*** Source material Section Begins ***

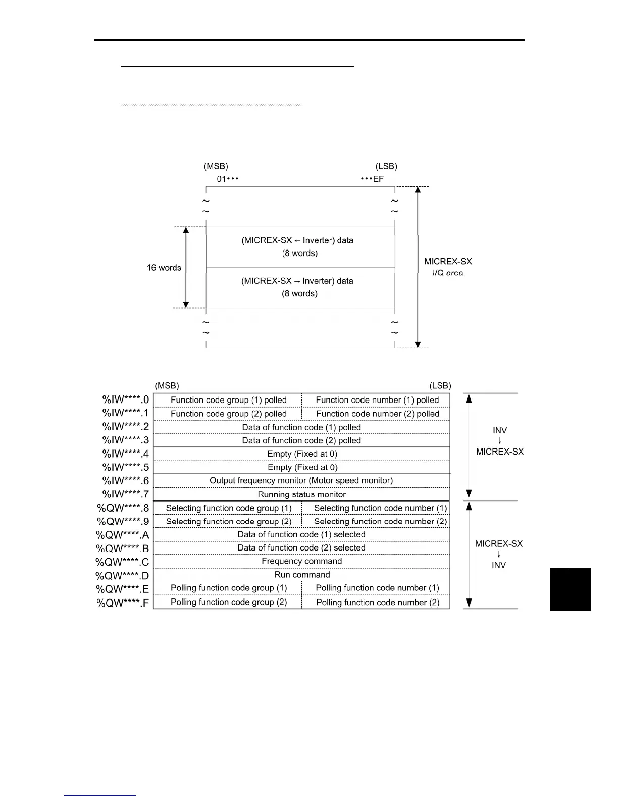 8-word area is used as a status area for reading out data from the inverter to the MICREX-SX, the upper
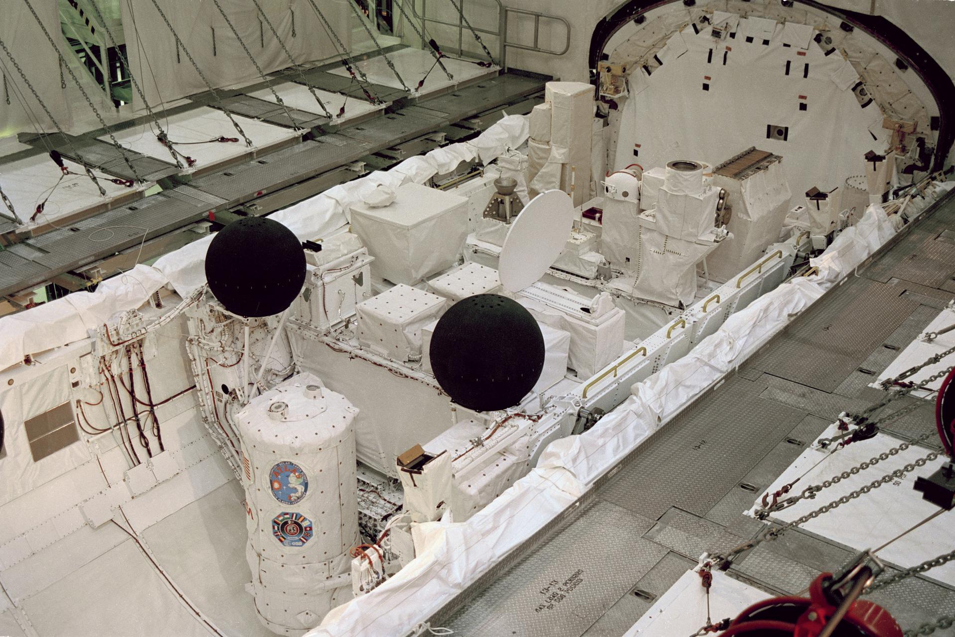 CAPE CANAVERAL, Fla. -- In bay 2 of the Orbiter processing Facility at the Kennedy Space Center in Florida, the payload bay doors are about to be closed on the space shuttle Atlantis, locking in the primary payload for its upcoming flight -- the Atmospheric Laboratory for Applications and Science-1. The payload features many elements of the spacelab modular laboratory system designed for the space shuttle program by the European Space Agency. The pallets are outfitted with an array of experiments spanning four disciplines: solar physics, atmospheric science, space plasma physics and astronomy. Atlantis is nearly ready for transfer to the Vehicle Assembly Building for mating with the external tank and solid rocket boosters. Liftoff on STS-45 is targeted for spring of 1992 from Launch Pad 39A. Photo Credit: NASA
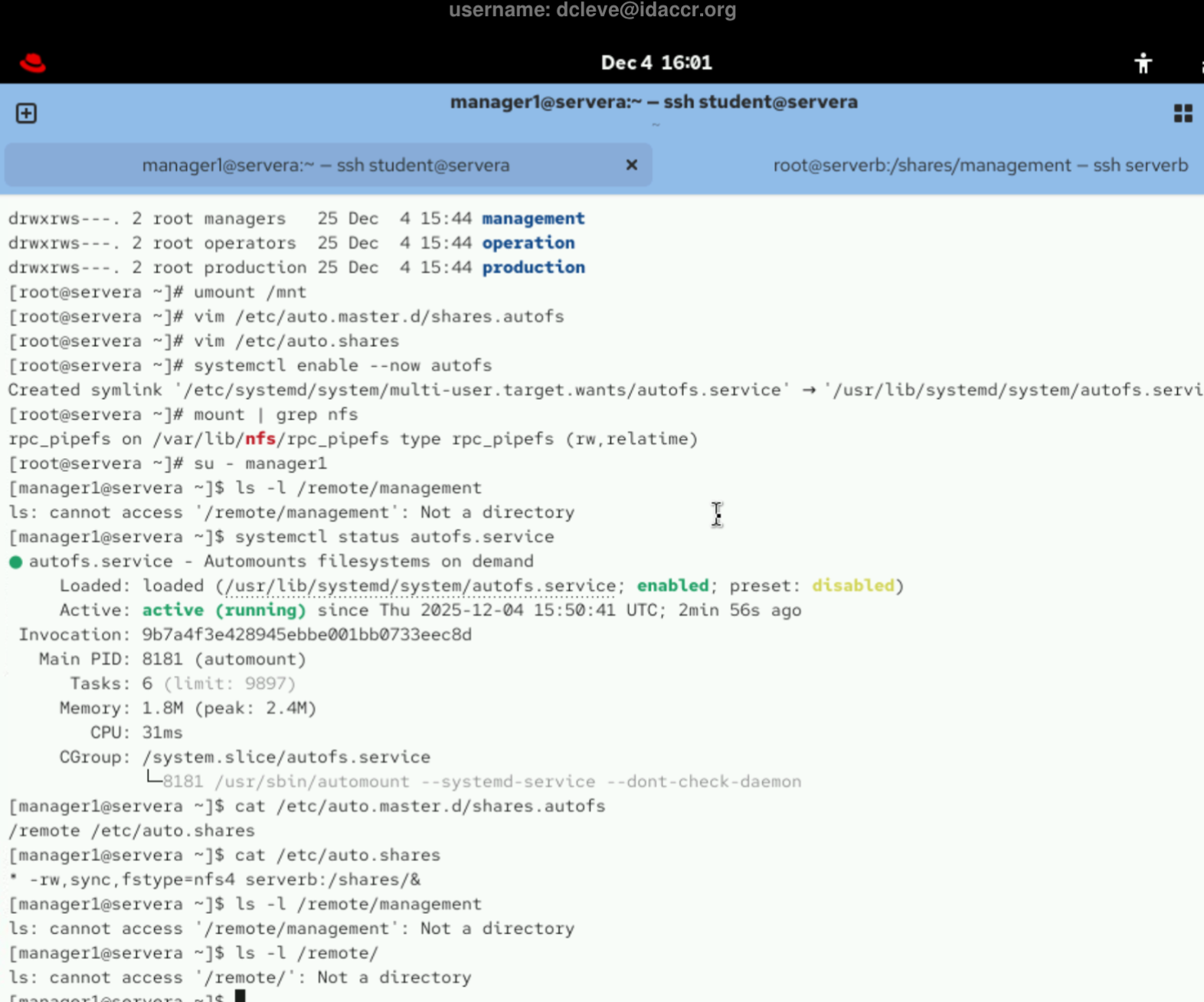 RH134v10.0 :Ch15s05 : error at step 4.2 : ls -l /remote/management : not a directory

*** Source material Section Ends ***
*** Source material Section Begins ***

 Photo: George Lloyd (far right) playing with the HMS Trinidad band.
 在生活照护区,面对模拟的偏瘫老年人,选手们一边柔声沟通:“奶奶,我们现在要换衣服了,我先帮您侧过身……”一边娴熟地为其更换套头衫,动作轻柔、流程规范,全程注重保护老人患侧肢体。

*** Source material Section Ends ***

■ Task instructions
Copy only what lies between the line with "8-word area is" and the line with "RH134v10.0 :Ch15s05 : error", those two lines included, exactly as given above; pictures stay out.

■ Solution for this task
 8-word area is used as a status area for reading out data from the inverter to the MICREX-SX, the upper
 CAPE CANAVERAL, Fla. -- In bay 2 of the Orbiter processing Facility at the Kennedy Space Center in Florida, the payload bay doors are about to be closed on the space shuttle Atlantis, locking in the primary payload for its upcoming flight -- the Atmospheric Laboratory for Applications and Science-1. The payload features many elements of the spacelab modular laboratory system designed for the space shuttle program by the European Space Agency. The pallets are outfitted with an array of experiments spanning four disciplines: solar physics, atmospheric science, space plasma physics and astronomy. Atlantis is nearly ready for transfer to the Vehicle Assembly Building for mating with the external tank and solid rocket boosters. Liftoff on STS-45 is targeted for spring of 1992 from Launch Pad 39A. Photo Credit: NASA
 RH134v10.0 :Ch15s05 : error at step 4.2 : ls -l /remote/management : not a directory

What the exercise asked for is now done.